■ Problem requirements ■
Without including any pictures, reproduce all the lines below word for word.

[[ Supplied data, beginning ]]

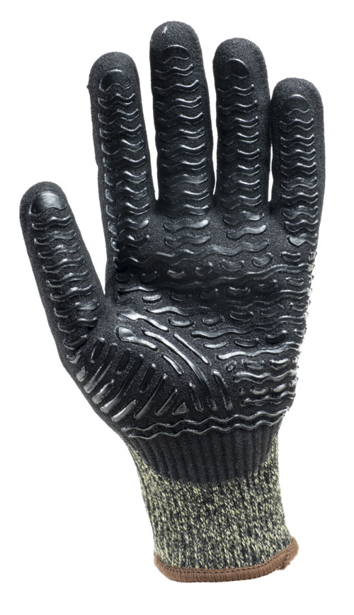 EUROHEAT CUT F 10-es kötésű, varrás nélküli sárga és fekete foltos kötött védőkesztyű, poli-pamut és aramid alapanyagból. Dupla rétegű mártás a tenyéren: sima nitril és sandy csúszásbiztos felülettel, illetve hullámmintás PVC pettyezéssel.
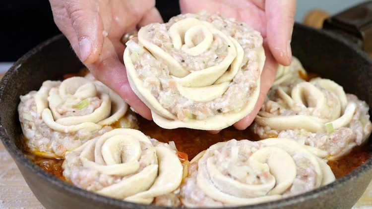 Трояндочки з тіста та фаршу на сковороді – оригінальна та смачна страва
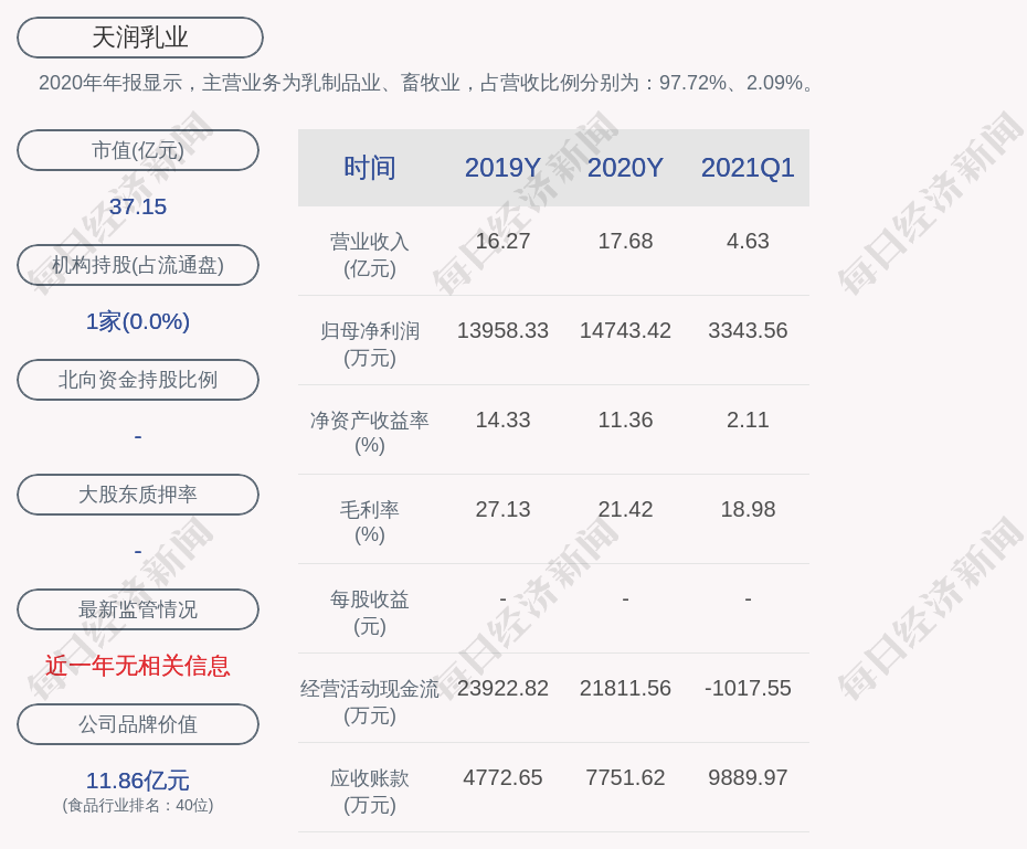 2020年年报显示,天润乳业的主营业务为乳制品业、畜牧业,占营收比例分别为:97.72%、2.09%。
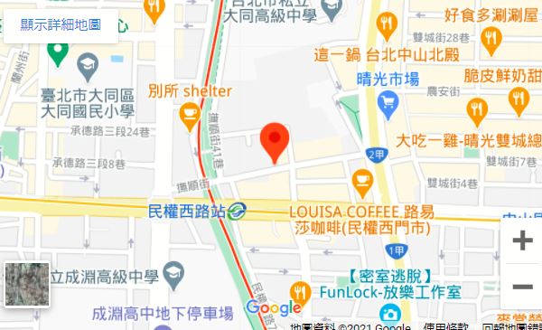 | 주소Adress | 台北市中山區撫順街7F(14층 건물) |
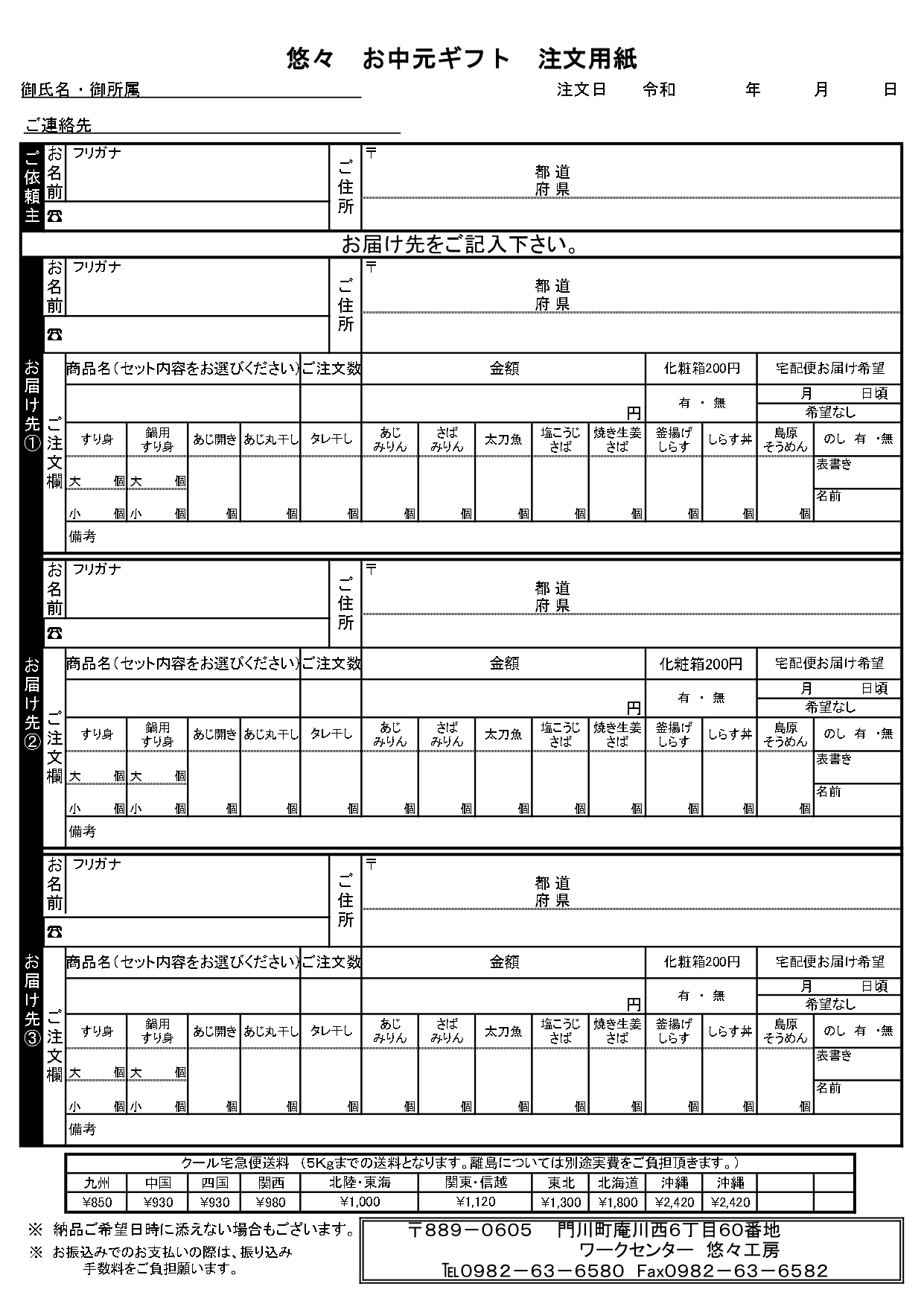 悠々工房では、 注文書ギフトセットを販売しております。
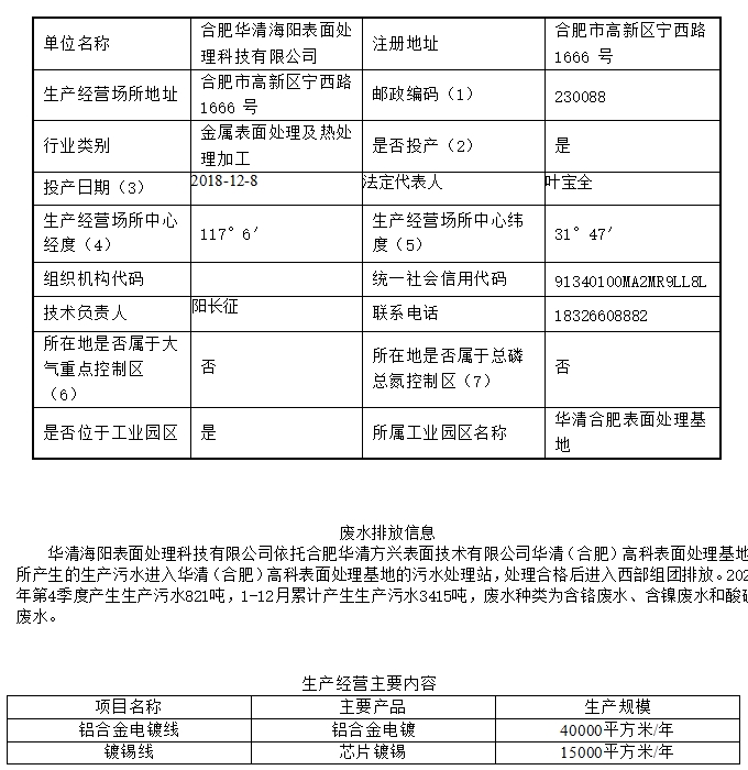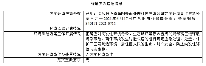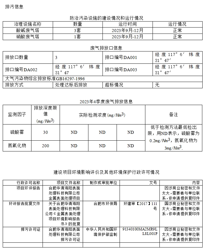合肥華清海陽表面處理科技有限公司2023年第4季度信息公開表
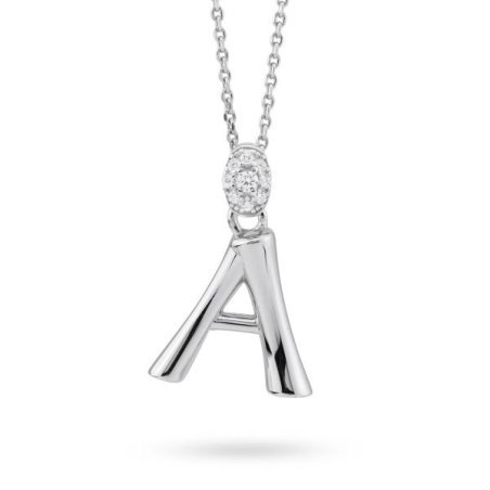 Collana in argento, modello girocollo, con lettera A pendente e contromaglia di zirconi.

[[ Supplied data, end ]]

■ Problem solution ■
 EUROHEAT CUT F 10-es kötésű, varrás nélküli sárga és fekete foltos kötött védőkesztyű, poli-pamut és aramid alapanyagból. Dupla rétegű mártás a tenyéren: sima nitril és sandy csúszásbiztos felülettel, illetve hullámmintás PVC pettyezéssel.
 Трояндочки з тіста та фаршу на сковороді – оригінальна та смачна страва
 2020年年报显示,天润乳业的主营业务为乳制品业、畜牧业,占营收比例分别为:97.72%、2.09%。
 | 주소Adress | 台北市中山區撫順街7F(14층 건물) |
 悠々工房では、 注文書ギフトセットを販売しております。
合肥華清海陽表面處理科技有限公司2023年第4季度信息公開表
 Collana in argento, modello girocollo, con lettera A pendente e contromaglia di zirconi.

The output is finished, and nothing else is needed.